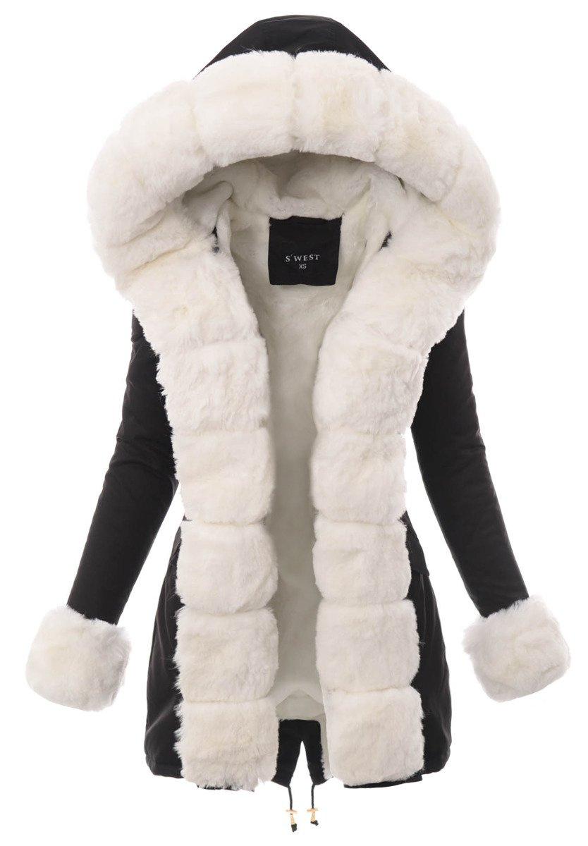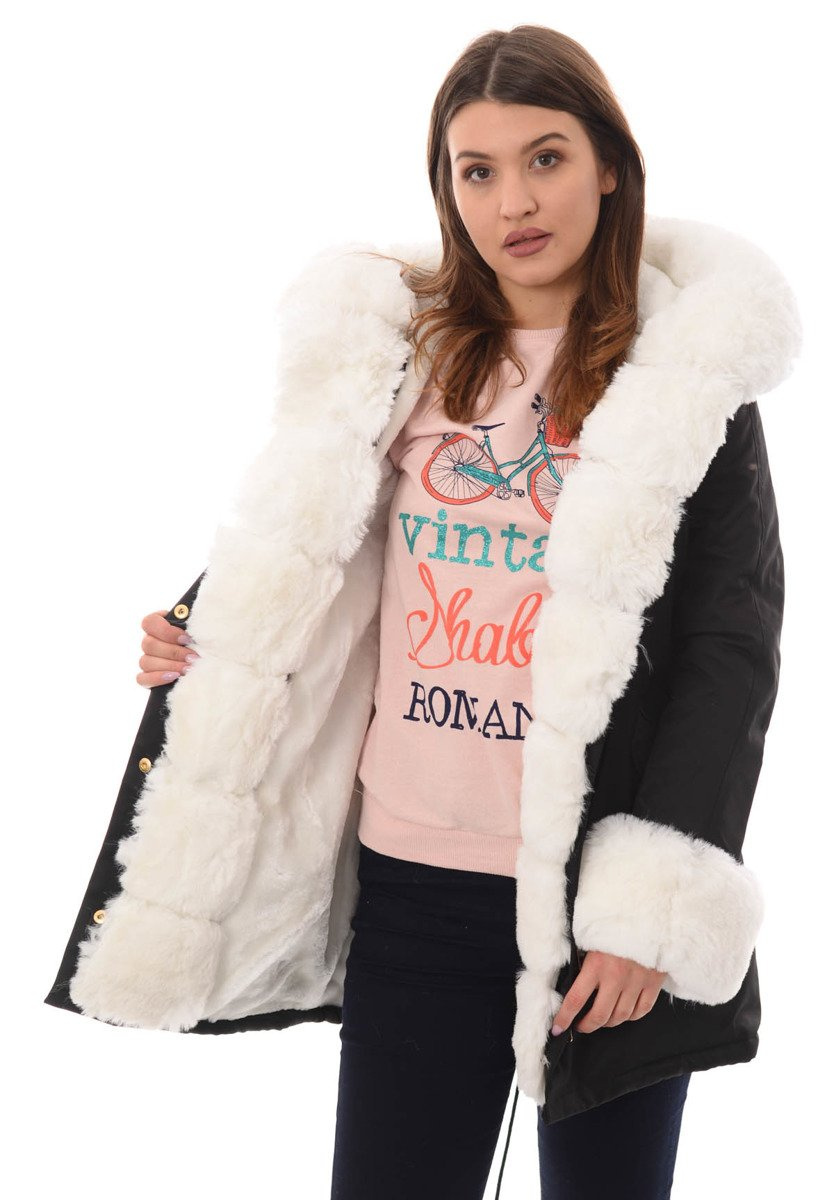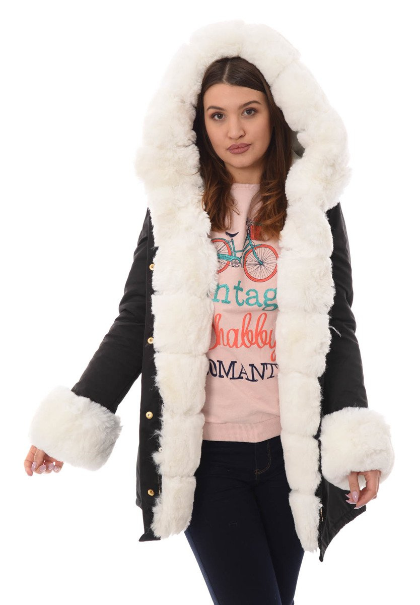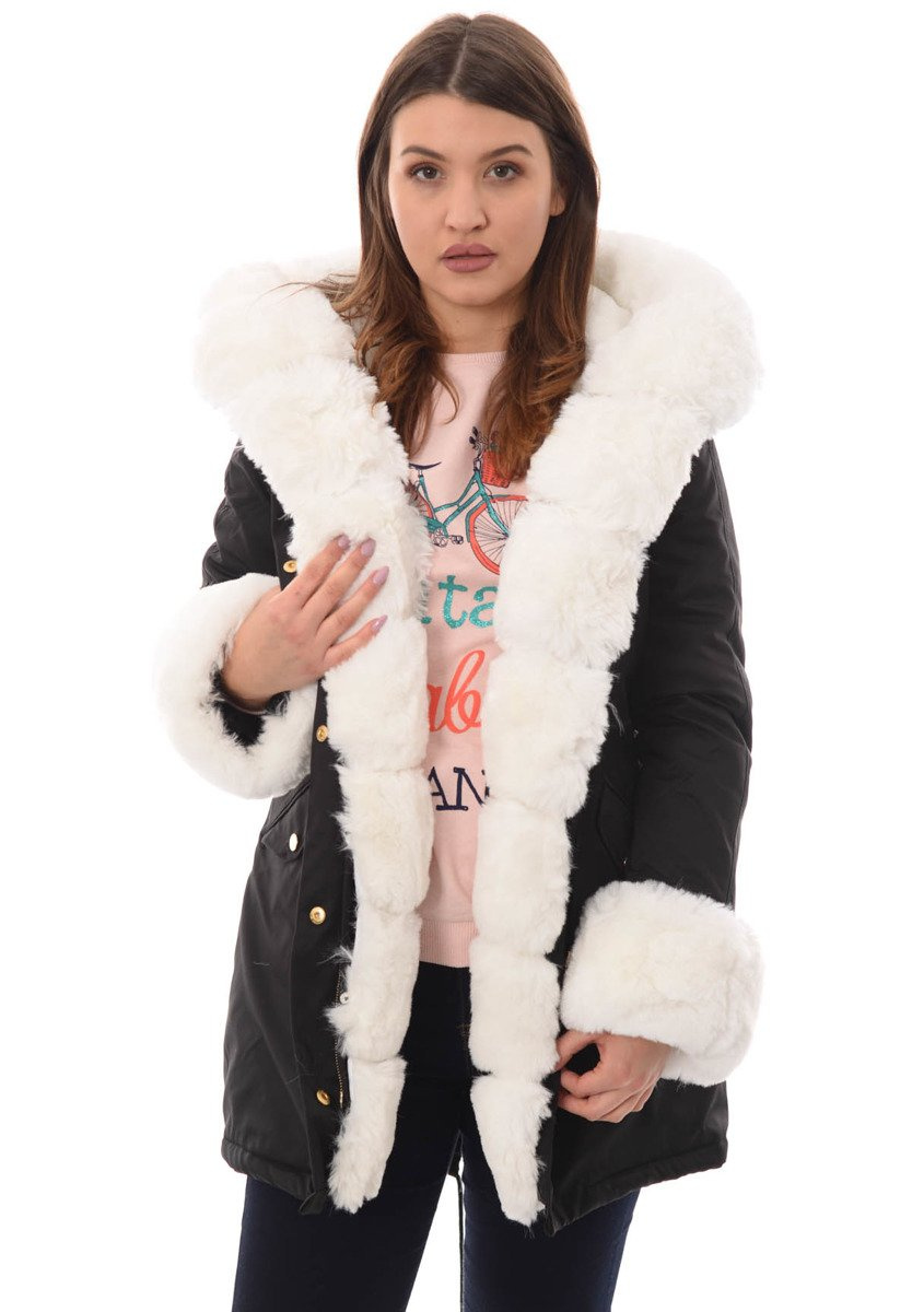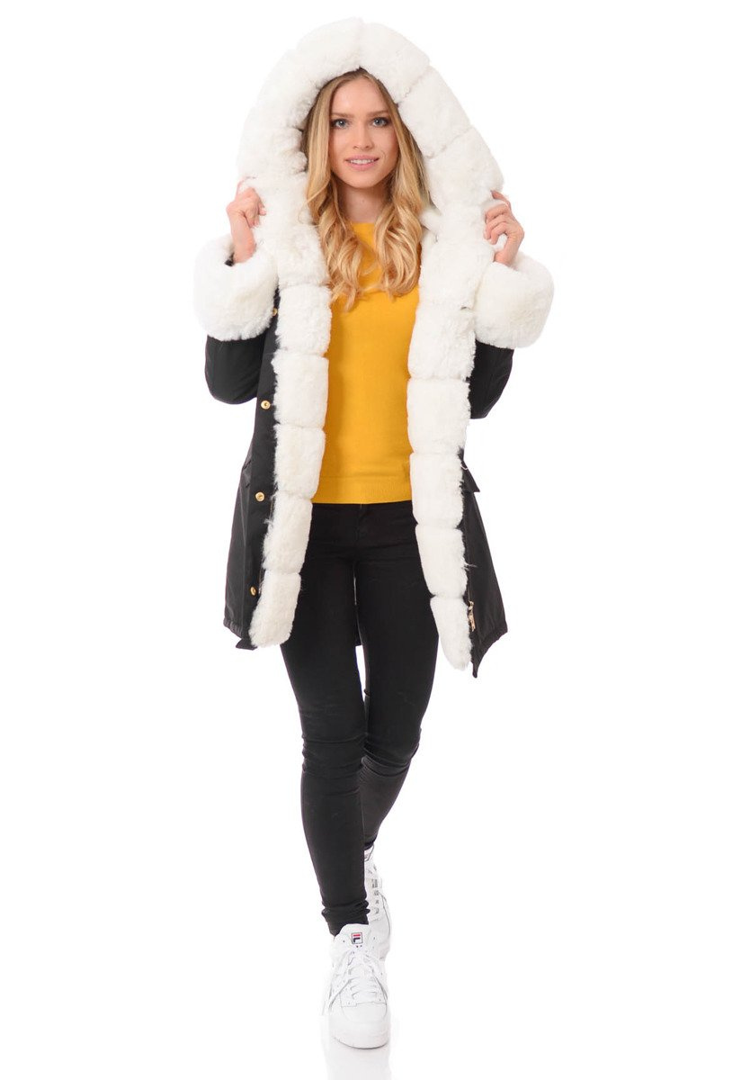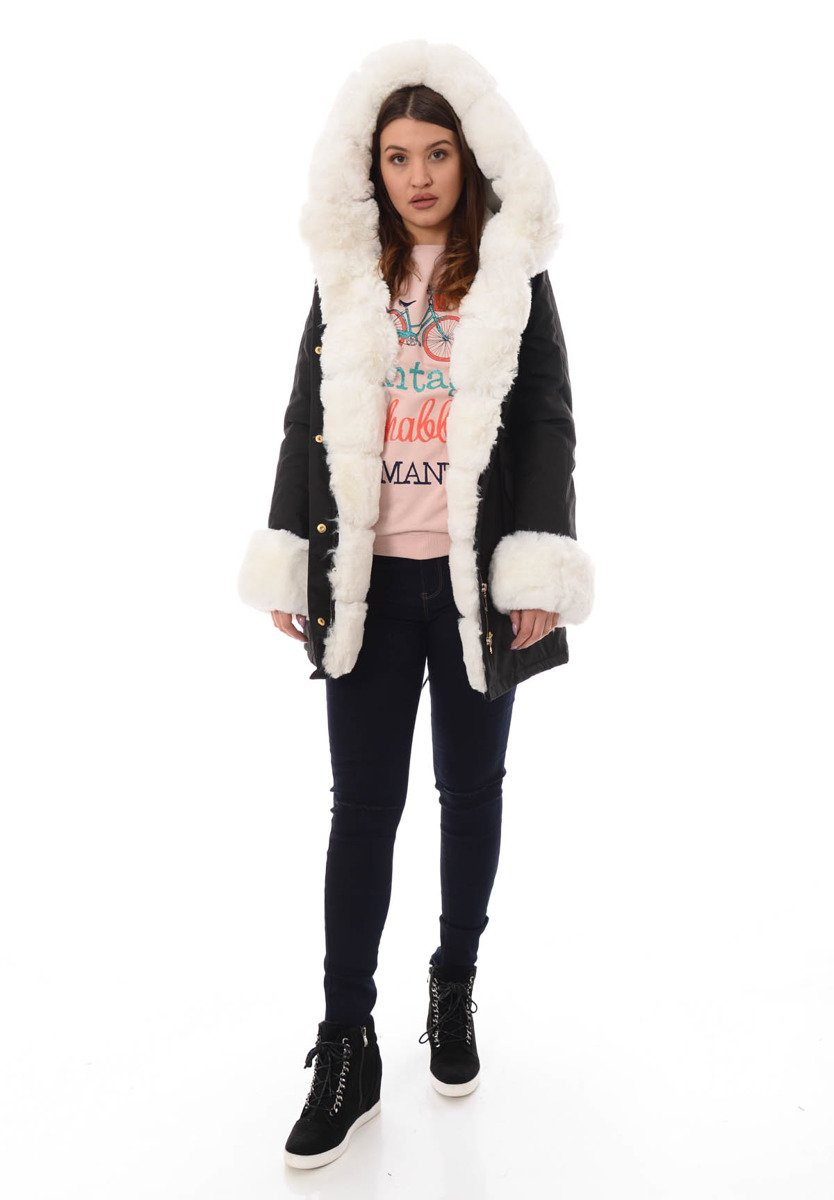 Opinie o Damska Kurtka Parka Zimowa Patrycja Czarna Z Białym Futrem
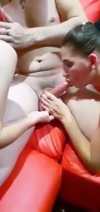 Парень с двумя девками расслабляемся, а друг снимает.
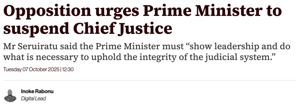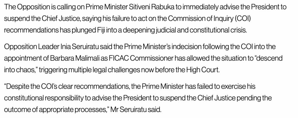 Salesi Temo’s position as Chief Justice is untenable and the calls for his removal have come from across the political spectrum – Inia Seriratu as the formal Opposition Leader, other parliamentary opposition figures such as Jone Usamate, Premila Kumar and Ketan Lal and from outside the parliament, the leaders of the Labour and Unity parties, Mahendra Chaudhry and Savenaca Narube. This is democracy at work, the opposition doing its job of holding the government and those who occupy our offices of state to account.
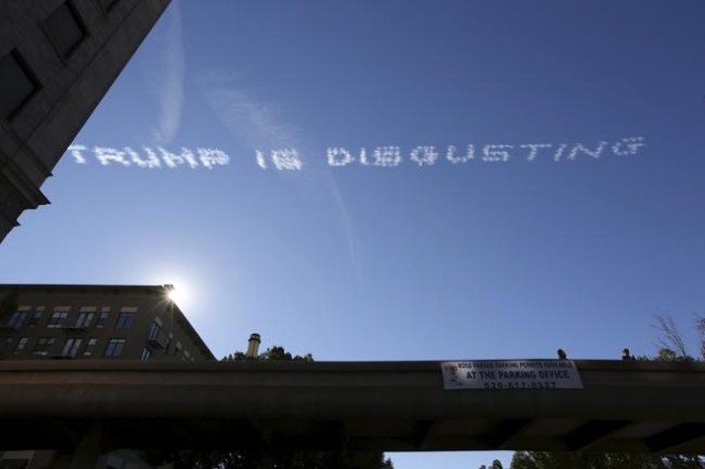 The planes circled for almost an hour after the parade of flower-adorned floats and marching bands finished, writing variations on a theme that included messages such as "Trump is delusional," and "Trump is a fascist dictator."

### Action item
Restate each line above exactly, keeping pictures out.

### Solution for this task
 Opinie o Damska Kurtka Parka Zimowa Patrycja Czarna Z Białym Futrem
 Парень с двумя девками расслабляемся, а друг снимает.
 Salesi Temo’s position as Chief Justice is untenable and the calls for his removal have come from across the political spectrum – Inia Seriratu as the formal Opposition Leader, other parliamentary opposition figures such as Jone Usamate, Premila Kumar and Ketan Lal and from outside the parliament, the leaders of the Labour and Unity parties, Mahendra Chaudhry and Savenaca Narube. This is democracy at work, the opposition doing its job of holding the government and those who occupy our offices of state to account.
 The planes circled for almost an hour after the parade of flower-adorned floats and marching bands finished, writing variations on a theme that included messages such as "Trump is delusional," and "Trump is a fascist dictator."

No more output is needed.